Women use their pinkies to fine-tune their eyeliner lines. Men use theirs to dig stuff out of their ears.



It’s just painfully apparent that in the evolutionary scale, men haven’t made much progress—except those metrosexuals who have reached some sort of tentative evolutionary high based on the fact that they act, dress, talk and walk like women—they wax their eyebrows, swallow their expletives, gel their hair, wear great shoes and have learned how to read. They are considerate of others and don’t smell funny. Fortunately for women, these evolutionary hybrids have allowed us to continue reproducing with little or no harm to ourselves.


Any man reading this column (congratulations on your ability to read) is probably offended, but be honest, are you picking at your ears right now or scratching your butt?

I spent too many years picking greasy laundry up off the floor, prying mashed Skittles off pocket change and wiping little after-shave hair bits out of the sink. I spent too many years involuntarily watching Max X and Fear Factor out of the corner of my eye—watching him drink straight out of the milk jug and turn all the clothes pink. And guys—as righteous as your indignation may be, he’s not the only one. You’re doing something gross right now. You just won’t admit it.

Yes, I’ll admit that there are various incarnations of man/woman, woman/man, man/man and woman/woman. There’s always an exception to the rule, but bear in mind—it’s an exception. 

But it’s not too late to play catch-up. Just wait around for the next catastrophic world-wide event, and make sure you go with the flow this time. Come on. It’ll be fun.

Then well have someone to talk to.


Jason Sherman:

Contrary to popular belief, evolution isn't something that actually matters. There's the scientific community who postulate that we evolved over millions of years, the religious community who argue that Adam was the first man created by God, the scientific/religious community who argulate that God used evolution as a means of creating man, and then there’s the rest of the population who simply don’t care.

I'm with those guys.

Argument and debate are great things, as they inspire thought about different points of view, but at some point this particular argument got way too fanatical for its own good.

Honestly—people go insane over this.

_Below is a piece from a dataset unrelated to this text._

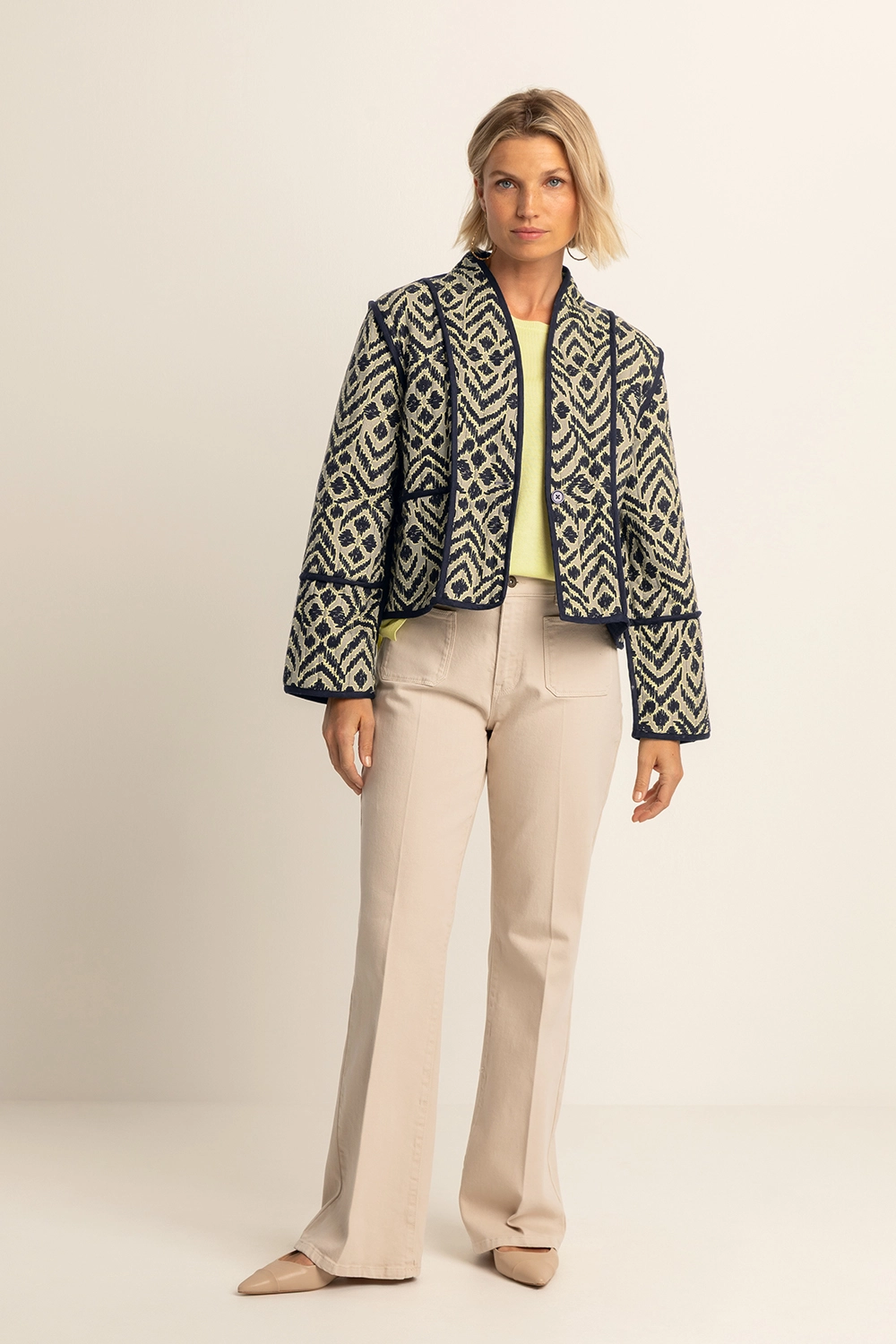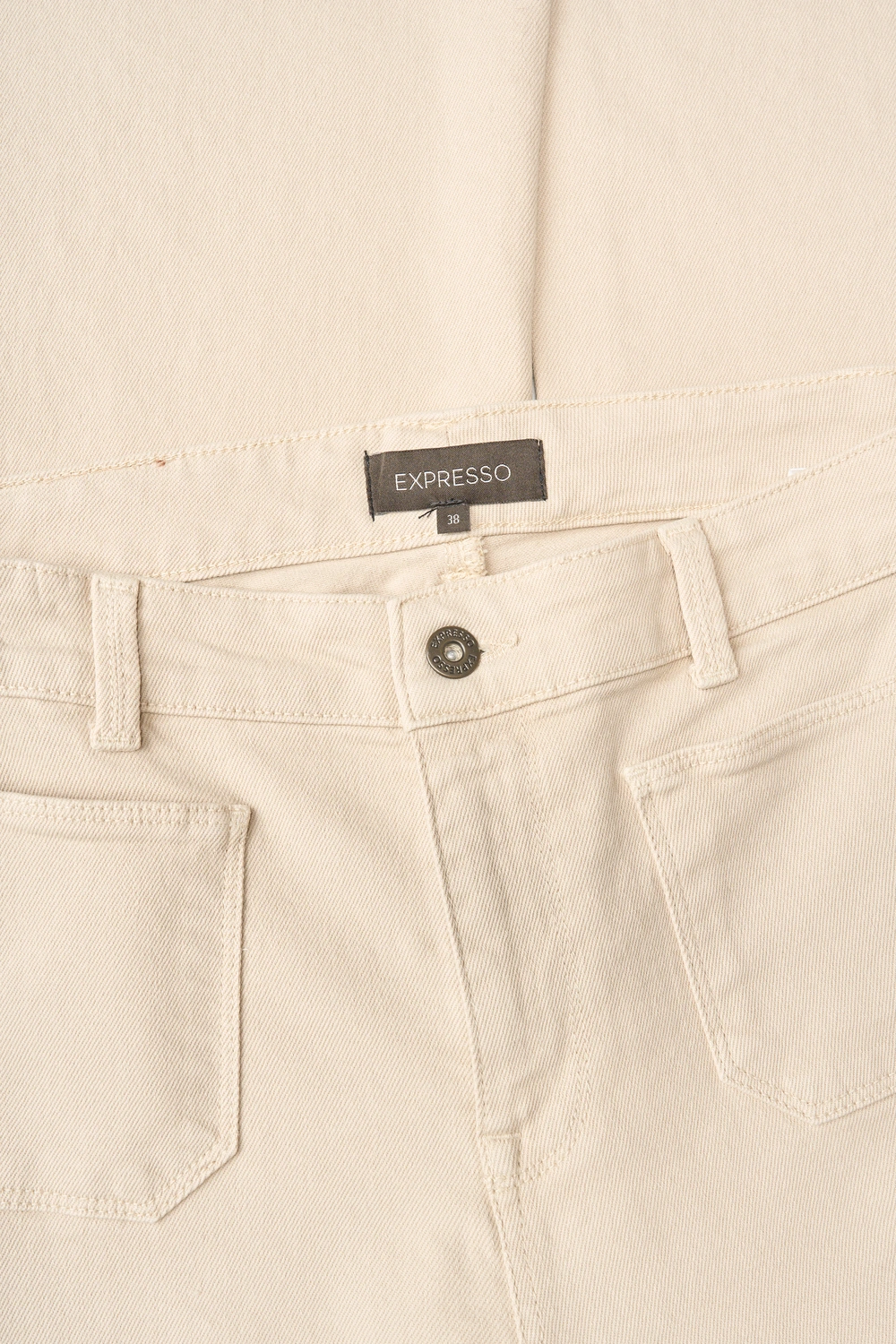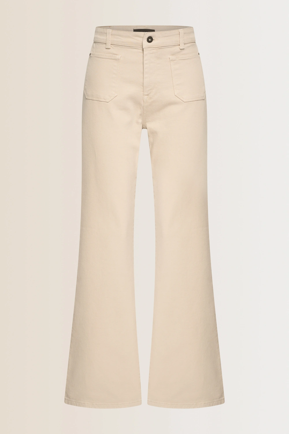 Zandkleurige flared jeans – stevige denim met een beetje stretch. High rise model met een aangesloten pasvorm tot aan de knie en een elegante uitlopende pijp. De opgestikte zakken geven deze jeans een moderne seventies-vibe. Een perfecte basic met een twist: draag met een blouse en blazer voor een casual-chique look, of combineer met een T-shirt en sneakers voor een relaxte look.

For some reason, the question "Do you believe in evolution?" has become akin to asking "Are you an atheist?" or "Are you a Christian?" Seriously people—we're talking about something that, if it’s true, takes place on such a huge timeframe that there is no possible way it would have any effect on any human, ever.

By the time evolution crops up again as a valid point of discussion for humans (in a Why-is-my-face-melting kind of way), I’m fairly certain the human race as we now know it will still resemble itself in the way a FOX News story resembles something that actually happened: not very.

We will probably have gone through seven nuclear winters, four Zombie Apocalypses, and at least three million more seasons of American Idol before any living thing has actually visibly evolved, and by then, we won’t remember what we looked like now anyway. (Sorry; I ran into a sort of paradox of tense there.)

What began as a simple conflict of theories mushroomed into a completely irrelevant Science vs. Religion SmackDown 2008. You might as well argue about the exact orbital patterns of galaxies, or try to understand the plot of Syriana. It would take way too long to know for sure, and isn’t worth the effort.

Whenever someone comes up to you and asks the question, (and the answer’s not, "Of course I’ll marry you!"), try to change the subject as fast as possible, or better yet, simply give them a good, hard slap.

No amount of discussion is going to change either party’s mind anyway, and this guarantees that:
  1. They’ll never ask you about evolution again and
  2. That they’ll think twice before asking anyone else. And come to think of it, anyone walking around looking for an argument deserves to be slapped. Hard.